Crowley v. Dix

68 A.2d 366, 136 Conn. 97, 1949 Conn. LEXIS 207
CourtSupreme Court of Connecticut
DecidedAugust 23, 1949
StatusPublished
Cited by5 cases

This text of 68 A.2d 366 (Crowley v. Dix) is published on Counsel Stack Legal Research, covering Supreme Court of Connecticut primary law. Counsel Stack provides free access to over 12 million legal documents including statutes, case law, regulations, and constitutions.

Bluebook
Crowley v. Dix, 68 A.2d 366, 136 Conn. 97, 1949 Conn. LEXIS 207 (Colo. 1949).

Opinion

Brown, J.

These three cases, tried together, arose out of a collision between a Plymouth coach which was owned by Mary Hetes and operated by her son George Hetes as her agent and in which she, Edward D. Johnston and Clifford Crowley were passengers, and a taxicab owned by the defendants Dix and Trostonoff and operated by the defendant Messina as their agent. In each action negligent operation is alleged.
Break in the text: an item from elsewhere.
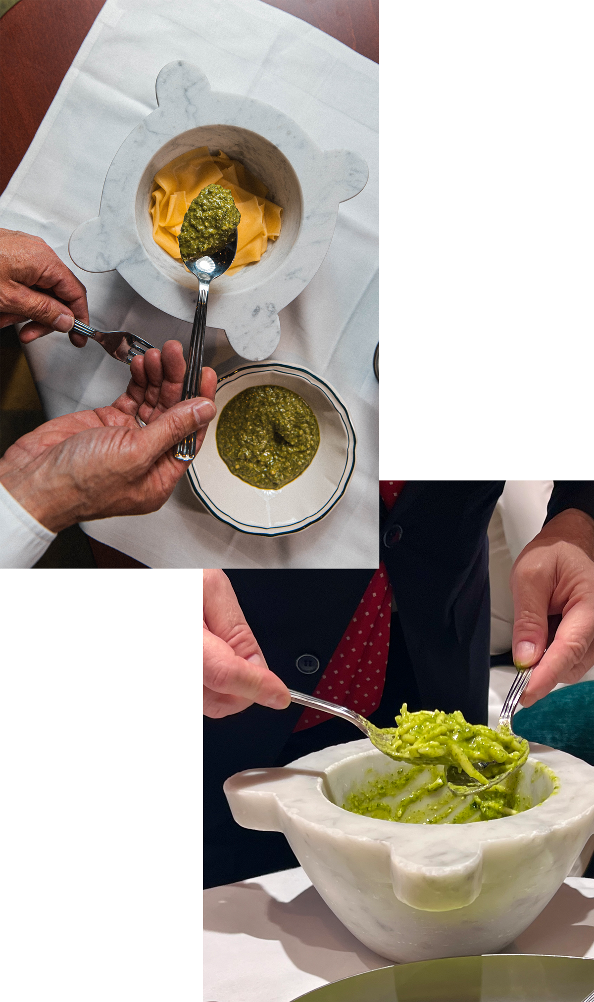 ジェノヴァにゼッフィリーノ・ベローニが開店し、現在は3代目マルコの時代である。オープン以来、大勢のセレブリティを迎えているレストランで、ローマ法王に始まり最近ではセリーヌ・ディオン、その昔はボクサーのモハメド・アリやイタリア出身のフランク・シナトラが常連だった。レストランのもうひとつの名物は、このシナトラ夫妻のためにクリエイトされたというパフュテリ・ア・ラ・シナトラで”有名な”と銘打たれている。これはスモーク・リコッタチーズなどを詰めたラヴィオリにバジルとクルミのクリームソースを和えたもので、ほのかな甘みが癖になりそうな味である。

In the first case Clifford Crowley, a minor, and John Crowley, his father, both as his next friend and for himself, sued Mary Hetes, George Hetes, Dix, Trostonoff and Messina. In the second, Johnston sued the same defendants. In the third, Mary Hetes sued Dix, Trostonoff and Messina. In the first two cases the jury rendered a verdict for the plaintiffs to recover of Dix, Trostonoff and Messina and found in favor of Mary and George Hetes. In the third the jury rendered a verdict for the plaintiff to recover of the defendants. In all three cases the court denied the defendants’ motions to set aside the verdicts and the defendants have appealed from the denial of the motions and from the judgments.
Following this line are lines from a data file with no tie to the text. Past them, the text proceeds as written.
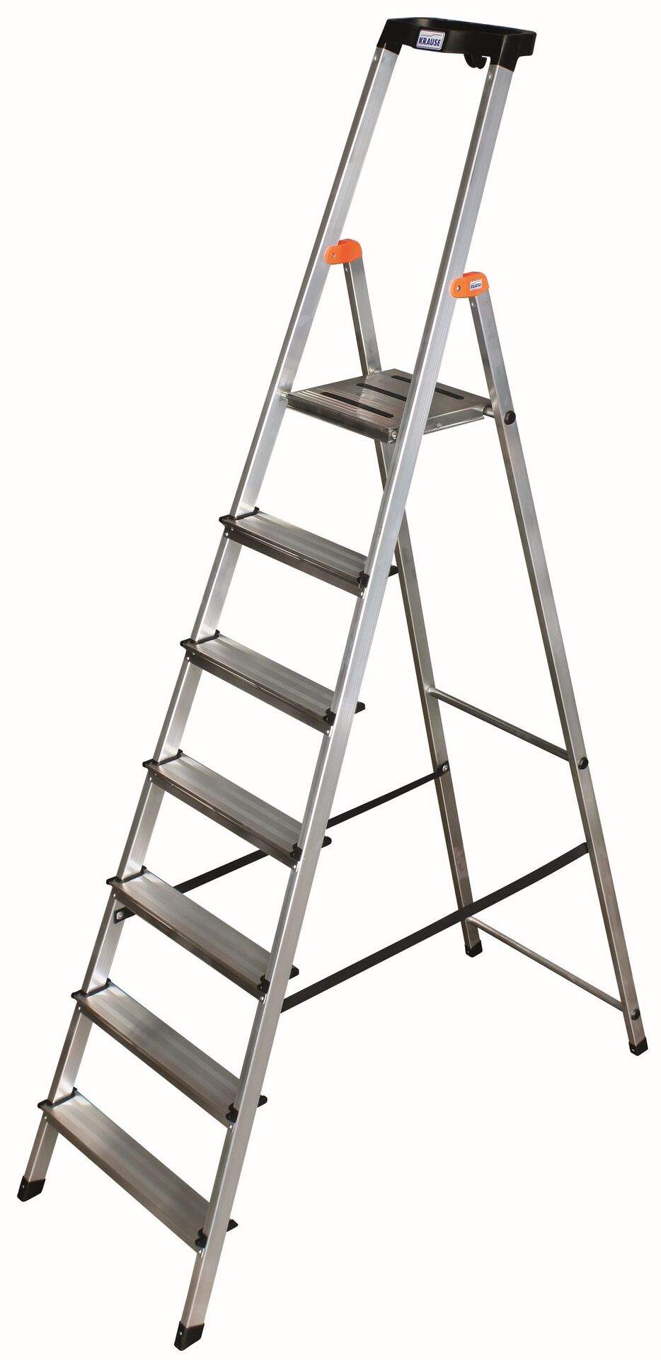 Die komfortable und leichte Aluminium-Sicherheits-Stehleiter mit vielen praktischen Ablagemöglichkeiten.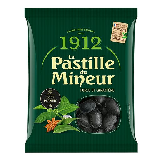 Sirop de glucose, sucre, extraits de plantes, arôme naturel, colorant : charbon végétal médicinal, agent d'enrobage : cire de carnauba.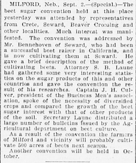 In 1898 Sidney B. Laune of Milford, Seward County, was a Republican candidate for the 29th District seat.

We summarize the undisputed material facts. Berkshire Avenue in Bridgeport extends in a general easterly and westerly direction and is intersected at right angles by Brooks Street. Each thoroughfare is straight, level and approximately thirty-one feet in width between curbs. There is a dwelling house on the lot at the northeast corner of the intersection and between it and the southwesterly corner of the lot is an evergreen tree. In the curb at the northeast corner of the intersection is an electric light pole. The house, tree *100 and pole together, in large measure at least, obstruct the view which a driver approaching the intersection on Berkshire Avenue from the east has of traffic approaching it on Brooks Street from the north, and which a driver so proceeding on Brooks Street has of traffic approaching the intersection on Berkshire Avenue from the east. On the evening of February 17, 1946, which was clear and dry, shortly after 10 o’clock George Hetes was driving the Plymouth westerly on Berkshire Avenue. Upon reaching Brooks Street, as the Plymouth proceeded through the northwest quadrant of the intersection it collided with the defendants’ taxicab, which Messina was driving southerly on Brooks Street; as a result, the Plymouth spun around and came to rest, headed in an easterly direction, some distance west of the intersection. Crowley was thrown out and seriously injured, Mary Hetes and Johnston also sustained injuries, and the right side of the Plymouth was extensively damaged. The front end of the taxicab was damaged and it came to a stop headed southwesterly near the southwest corner of the intersection. We shall refer to Dix, Trostonoff and Messina as' the defendants.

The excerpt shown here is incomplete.